Work instruction >>
Exactly as written, print each of the entries.

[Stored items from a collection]
****************************************

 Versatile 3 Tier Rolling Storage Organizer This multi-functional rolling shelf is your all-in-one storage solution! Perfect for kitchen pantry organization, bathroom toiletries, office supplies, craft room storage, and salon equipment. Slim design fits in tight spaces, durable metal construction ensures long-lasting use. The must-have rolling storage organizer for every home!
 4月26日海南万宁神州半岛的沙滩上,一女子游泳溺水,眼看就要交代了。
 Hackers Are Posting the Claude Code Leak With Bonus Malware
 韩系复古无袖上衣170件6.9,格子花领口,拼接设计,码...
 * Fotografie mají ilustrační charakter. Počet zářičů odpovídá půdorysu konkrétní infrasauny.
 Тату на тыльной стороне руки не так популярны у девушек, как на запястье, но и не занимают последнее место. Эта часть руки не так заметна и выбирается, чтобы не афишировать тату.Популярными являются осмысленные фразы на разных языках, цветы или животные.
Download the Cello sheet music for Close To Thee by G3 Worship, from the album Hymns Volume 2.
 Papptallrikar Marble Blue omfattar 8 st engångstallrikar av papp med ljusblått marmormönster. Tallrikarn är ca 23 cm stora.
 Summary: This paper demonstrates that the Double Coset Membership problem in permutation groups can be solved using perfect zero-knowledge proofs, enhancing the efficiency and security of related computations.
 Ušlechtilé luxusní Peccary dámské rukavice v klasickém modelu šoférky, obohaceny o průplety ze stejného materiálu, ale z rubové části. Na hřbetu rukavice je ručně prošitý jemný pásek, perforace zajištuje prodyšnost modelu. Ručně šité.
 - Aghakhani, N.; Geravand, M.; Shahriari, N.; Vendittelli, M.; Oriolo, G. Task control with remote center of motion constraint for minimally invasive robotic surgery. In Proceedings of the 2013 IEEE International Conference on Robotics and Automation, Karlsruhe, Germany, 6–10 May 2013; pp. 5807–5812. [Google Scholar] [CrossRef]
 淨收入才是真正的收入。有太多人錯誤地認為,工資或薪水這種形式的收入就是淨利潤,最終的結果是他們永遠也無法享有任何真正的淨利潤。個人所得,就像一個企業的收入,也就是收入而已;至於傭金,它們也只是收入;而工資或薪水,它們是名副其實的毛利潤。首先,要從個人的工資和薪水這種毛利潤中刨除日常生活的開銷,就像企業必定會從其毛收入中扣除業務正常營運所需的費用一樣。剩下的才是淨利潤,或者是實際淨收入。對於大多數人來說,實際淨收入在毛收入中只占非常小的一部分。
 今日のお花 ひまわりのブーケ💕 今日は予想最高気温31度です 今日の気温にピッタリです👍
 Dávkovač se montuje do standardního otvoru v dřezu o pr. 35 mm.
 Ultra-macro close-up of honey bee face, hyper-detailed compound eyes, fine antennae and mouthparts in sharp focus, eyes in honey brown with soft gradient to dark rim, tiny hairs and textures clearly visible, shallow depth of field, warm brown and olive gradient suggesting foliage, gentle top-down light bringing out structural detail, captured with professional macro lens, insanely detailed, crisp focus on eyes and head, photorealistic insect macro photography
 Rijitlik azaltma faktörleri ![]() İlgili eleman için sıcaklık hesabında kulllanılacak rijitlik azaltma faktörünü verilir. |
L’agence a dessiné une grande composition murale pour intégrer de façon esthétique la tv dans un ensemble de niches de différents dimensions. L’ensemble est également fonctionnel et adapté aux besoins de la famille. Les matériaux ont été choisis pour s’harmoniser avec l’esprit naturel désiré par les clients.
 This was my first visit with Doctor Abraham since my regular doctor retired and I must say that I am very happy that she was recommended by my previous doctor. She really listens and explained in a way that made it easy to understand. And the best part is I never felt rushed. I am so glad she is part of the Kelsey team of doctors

****************************************

Solution to this task >>
 Versatile 3 Tier Rolling Storage Organizer This multi-functional rolling shelf is your all-in-one storage solution! Perfect for kitchen pantry organization, bathroom toiletries, office supplies, craft room storage, and salon equipment. Slim design fits in tight spaces, durable metal construction ensures long-lasting use. The must-have rolling storage organizer for every home!
 4月26日海南万宁神州半岛的沙滩上,一女子游泳溺水,眼看就要交代了。
 Hackers Are Posting the Claude Code Leak With Bonus Malware
 韩系复古无袖上衣170件6.9,格子花领口,拼接设计,码...
 * Fotografie mají ilustrační charakter. Počet zářičů odpovídá půdorysu konkrétní infrasauny.
 Тату на тыльной стороне руки не так популярны у девушек, как на запястье, но и не занимают последнее место. Эта часть руки не так заметна и выбирается, чтобы не афишировать тату.Популярными являются осмысленные фразы на разных языках, цветы или животные.
Download the Cello sheet music for Close To Thee by G3 Worship, from the album Hymns Volume 2.
 Papptallrikar Marble Blue omfattar 8 st engångstallrikar av papp med ljusblått marmormönster. Tallrikarn är ca 23 cm stora.
 Summary: This paper demonstrates that the Double Coset Membership problem in permutation groups can be solved using perfect zero-knowledge proofs, enhancing the efficiency and security of related computations.
 Ušlechtilé luxusní Peccary dámské rukavice v klasickém modelu šoférky, obohaceny o průplety ze stejného materiálu, ale z rubové části. Na hřbetu rukavice je ručně prošitý jemný pásek, perforace zajištuje prodyšnost modelu. Ručně šité.
 - Aghakhani, N.; Geravand, M.; Shahriari, N.; Vendittelli, M.; Oriolo, G. Task control with remote center of motion constraint for minimally invasive robotic surgery. In Proceedings of the 2013 IEEE International Conference on Robotics and Automation, Karlsruhe, Germany, 6–10 May 2013; pp. 5807–5812. [Google Scholar] [CrossRef]
 淨收入才是真正的收入。有太多人錯誤地認為,工資或薪水這種形式的收入就是淨利潤,最終的結果是他們永遠也無法享有任何真正的淨利潤。個人所得,就像一個企業的收入,也就是收入而已;至於傭金,它們也只是收入;而工資或薪水,它們是名副其實的毛利潤。首先,要從個人的工資和薪水這種毛利潤中刨除日常生活的開銷,就像企業必定會從其毛收入中扣除業務正常營運所需的費用一樣。剩下的才是淨利潤,或者是實際淨收入。對於大多數人來說,實際淨收入在毛收入中只占非常小的一部分。
 今日のお花 ひまわりのブーケ💕 今日は予想最高気温31度です 今日の気温にピッタリです👍
 Dávkovač se montuje do standardního otvoru v dřezu o pr. 35 mm.
 Ultra-macro close-up of honey bee face, hyper-detailed compound eyes, fine antennae and mouthparts in sharp focus, eyes in honey brown with soft gradient to dark rim, tiny hairs and textures clearly visible, shallow depth of field, warm brown and olive gradient suggesting foliage, gentle top-down light bringing out structural detail, captured with professional macro lens, insanely detailed, crisp focus on eyes and head, photorealistic insect macro photography
 Rijitlik azaltma faktörleri ![]() İlgili eleman için sıcaklık hesabında kulllanılacak rijitlik azaltma faktörünü verilir. |
L’agence a dessiné une grande composition murale pour intégrer de façon esthétique la tv dans un ensemble de niches de différents dimensions. L’ensemble est également fonctionnel et adapté aux besoins de la famille. Les matériaux ont été choisis pour s’harmoniser avec l’esprit naturel désiré par les clients.
 This was my first visit with Doctor Abraham since my regular doctor retired and I must say that I am very happy that she was recommended by my previous doctor. She really listens and explained in a way that made it easy to understand. And the best part is I never felt rushed. I am so glad she is part of the Kelsey team of doctors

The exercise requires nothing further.